As a possible alternative to coachgeo's post, if it doesn't suit you to go to the store to have your battery tested, you may be able to do some extra testing to get by. If you have another charged battery to jump from, remove the ground connection from your battery in the tractor and connect the negative jumper cable to this ground cable, doesn't matter if it hangs or sits on the tractor as it is ground, as long as it doesn't connect or touch the ground terminal on the tractor battery. Then place positive jumper between both batteries, then hook up the negative to the jumper battery. Now you have your tractor connected to the "known good" battery.
Check battery voltage with multimeter, then start and run tractor and check battery voltage again. Hopefully your battery voltage will see an increase. If it doesn't, then you still have a problem. If it does increase and start charging, it shows your tractor battery is in poor condition and your charging system cannot cope with it.

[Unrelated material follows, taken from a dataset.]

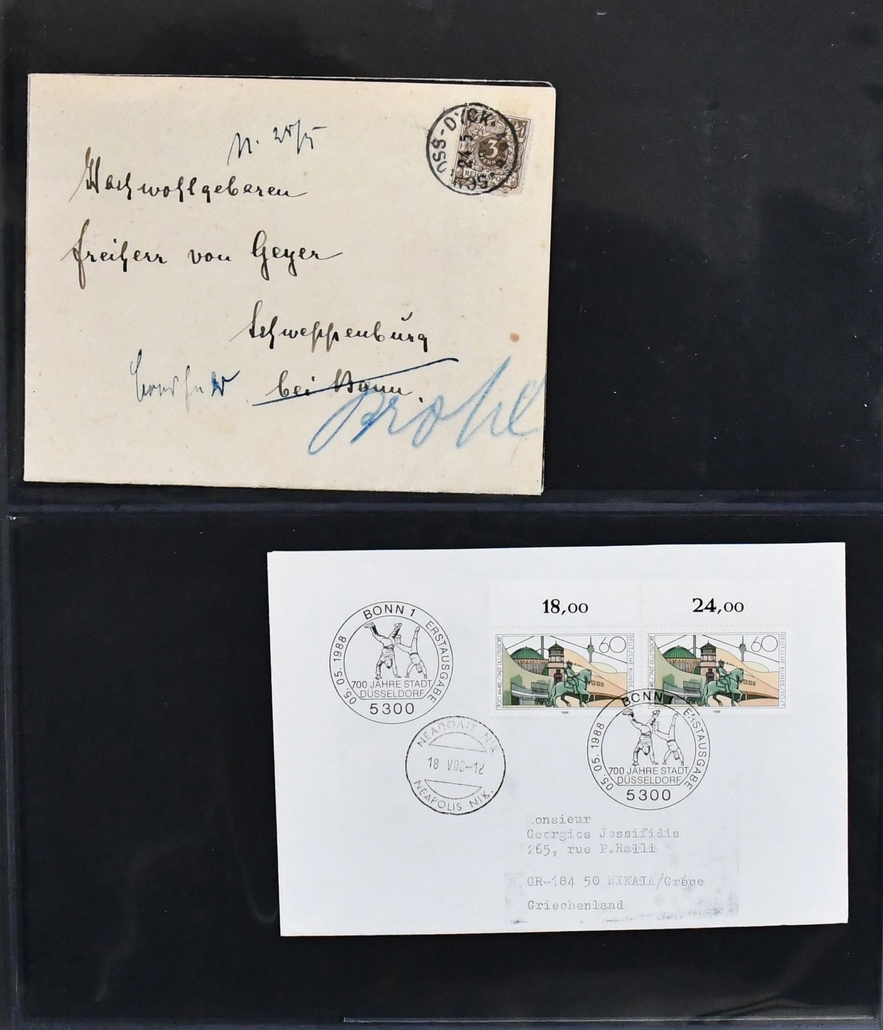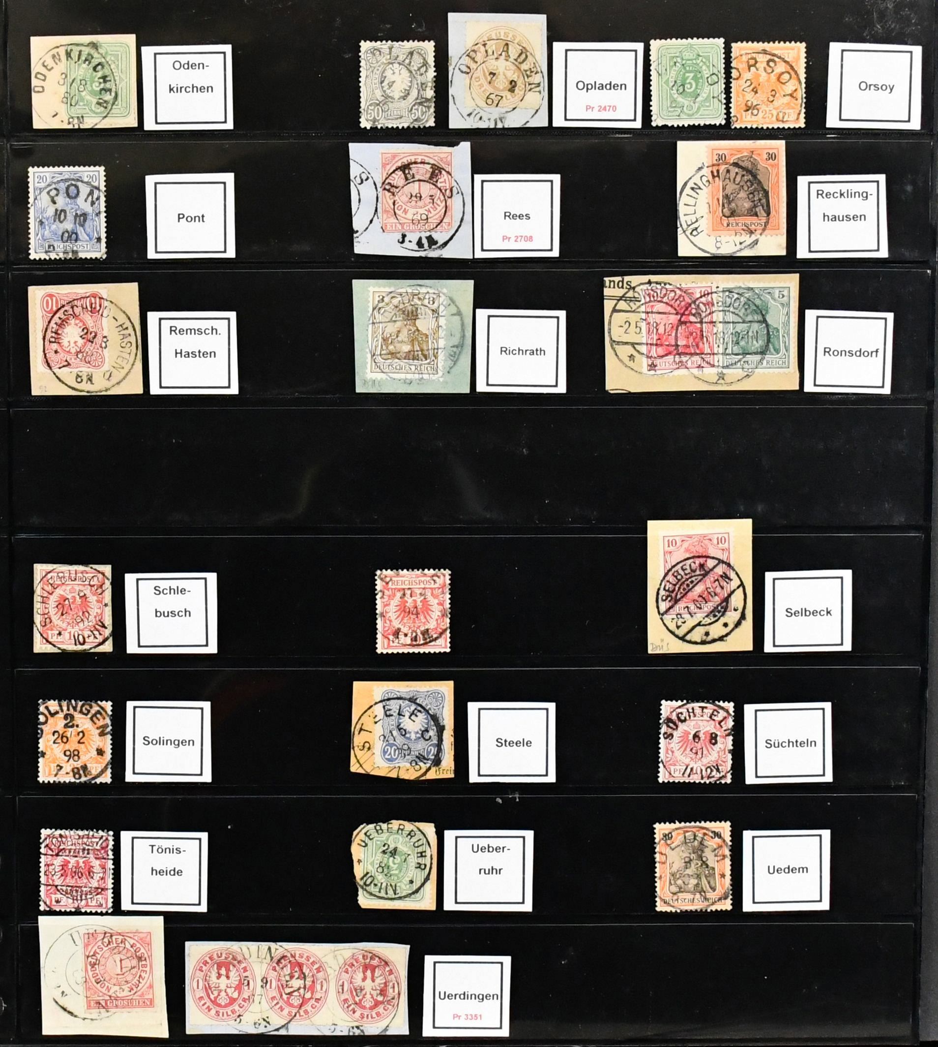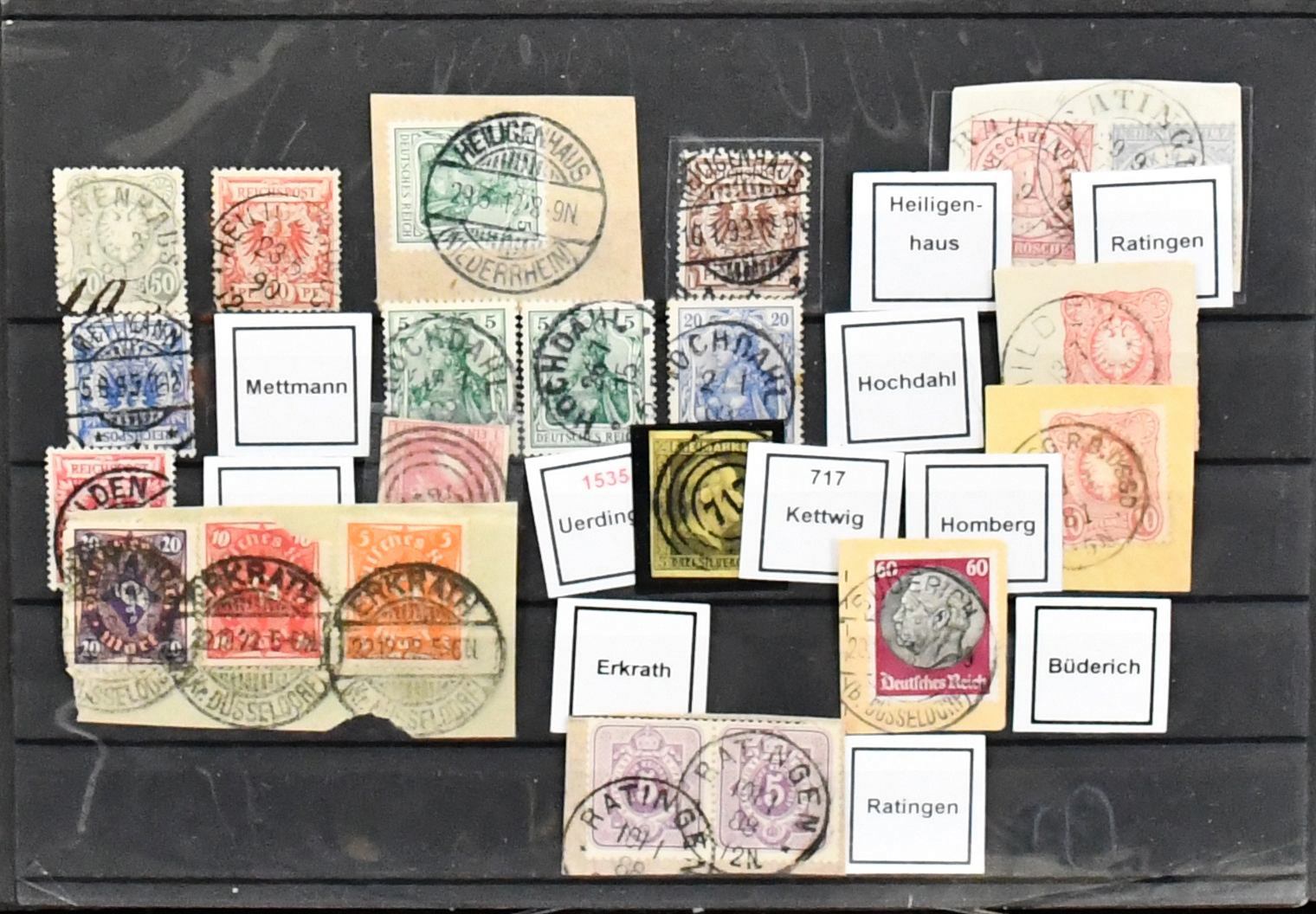 "OPD Düsseldorf", kleiner Sammlungsteil mit Stempeln oft sehr kleiner Orte, meist auf Deutsches Reich, total 110 lose Marken bzw. auf Briefstück, sowie 23 Belege (u.a. Nummernstempelbrief Nr. 8 mit NS "717"/Kettwig)

Most "alternators" use the charge lamp to self excite the alternator and if it is blown, the alternator does not charge.
However your "dynamo" is outputting 35 volts so is OK, (as previously mentioned by 85Hokie) and it's possible that your regulator needs either a B+ signal to work, either through a lamp/bulb circuit or direct from the start switch. So test to make sure you have 12V+ at the regulator when the key is on, engine not running, also that your regulator has a decent ground, not through paint etc. I would also expect to see 12V on the lamp circuit.
Remove the charge lamp and test across 12V to ensure it is good.
Also have a look for an inline fuse under the dash that feeds the charge lamp circuit, as IIRC, Kubota did that with a few of it's tractors.
How many terminals does the new regulator have, and what color wires go to each terminal. They should be numbered in the plug.